### TASK DESCRIPTION
Retype exactly the lines below, starting with the line that contains "Six clock cases" and ending with the last line; leave out any pictures.

### SUPPLIED INFORMATION
- Opening Delimiter -

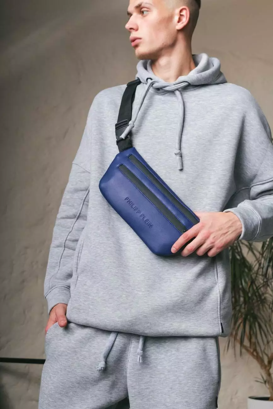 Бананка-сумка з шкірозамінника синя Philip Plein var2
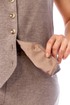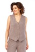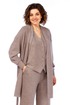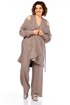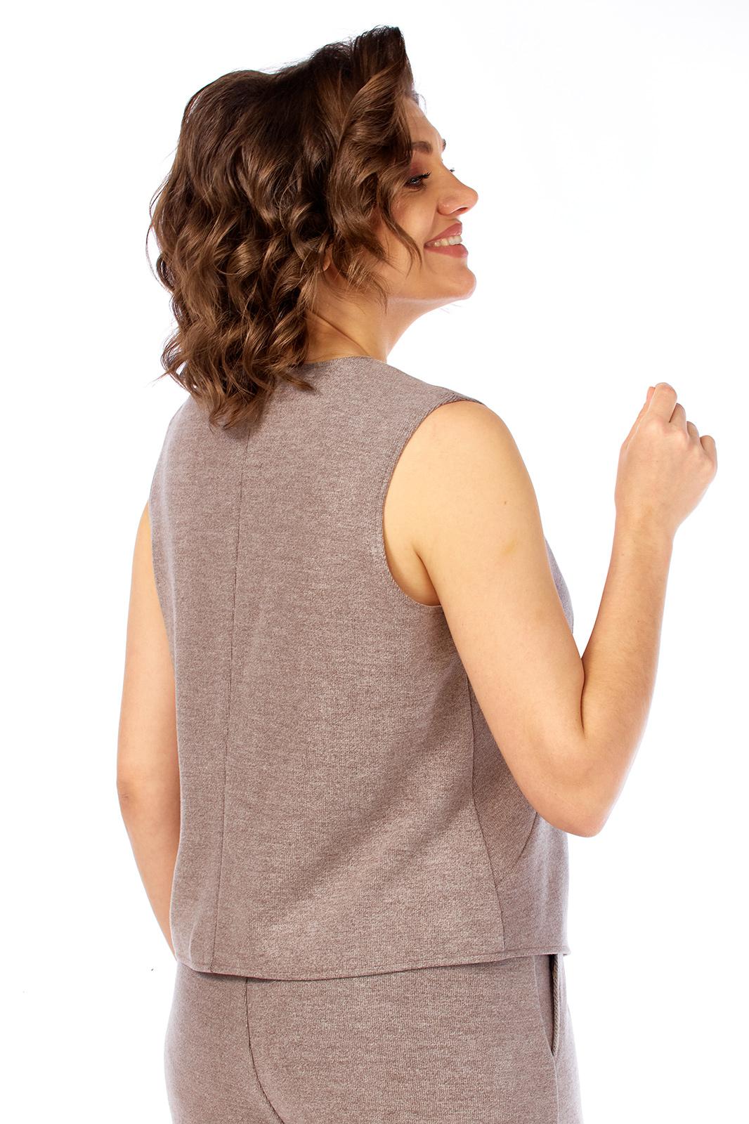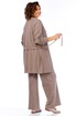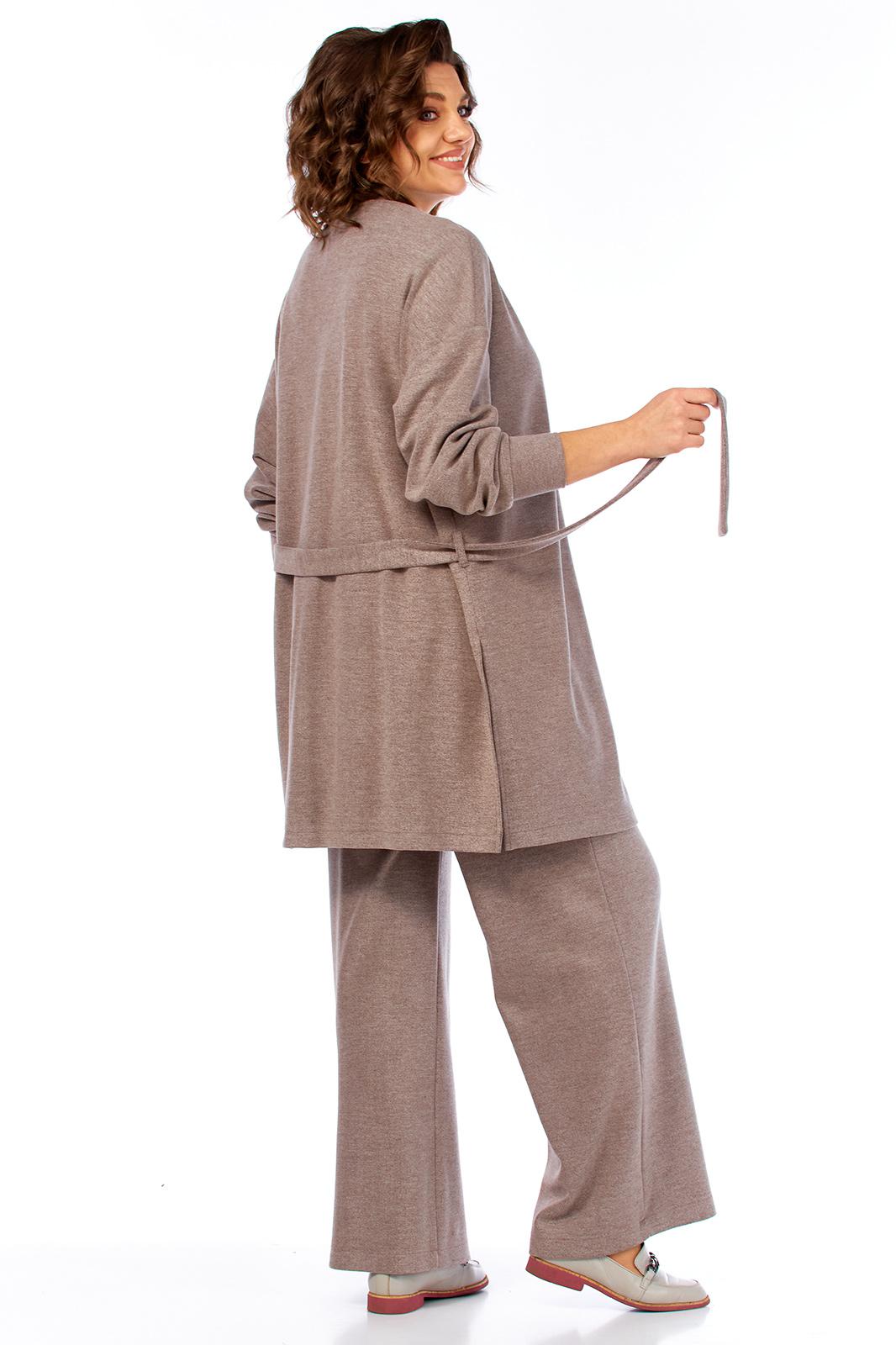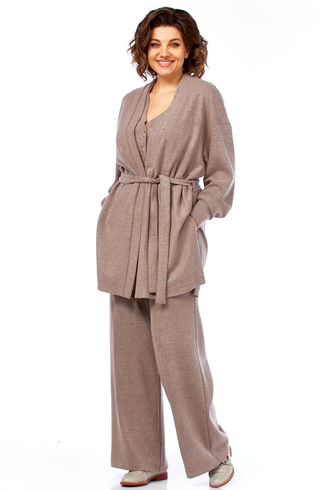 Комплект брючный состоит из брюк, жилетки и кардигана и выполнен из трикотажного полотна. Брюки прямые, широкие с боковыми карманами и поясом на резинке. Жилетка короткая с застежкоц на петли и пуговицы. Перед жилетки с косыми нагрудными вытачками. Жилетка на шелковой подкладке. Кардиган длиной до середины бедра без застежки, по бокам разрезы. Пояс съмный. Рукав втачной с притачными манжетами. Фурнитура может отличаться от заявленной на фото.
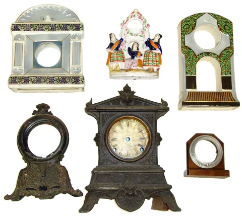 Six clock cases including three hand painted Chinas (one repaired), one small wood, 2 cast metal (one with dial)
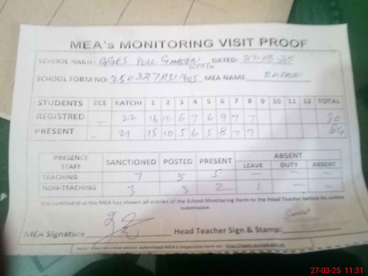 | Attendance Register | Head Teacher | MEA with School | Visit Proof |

- Closing Delimiter -

### SOLUTION TO THE EXERCISE
 Six clock cases including three hand painted Chinas (one repaired), one small wood, 2 cast metal (one with dial)
 | Attendance Register | Head Teacher | MEA with School | Visit Proof |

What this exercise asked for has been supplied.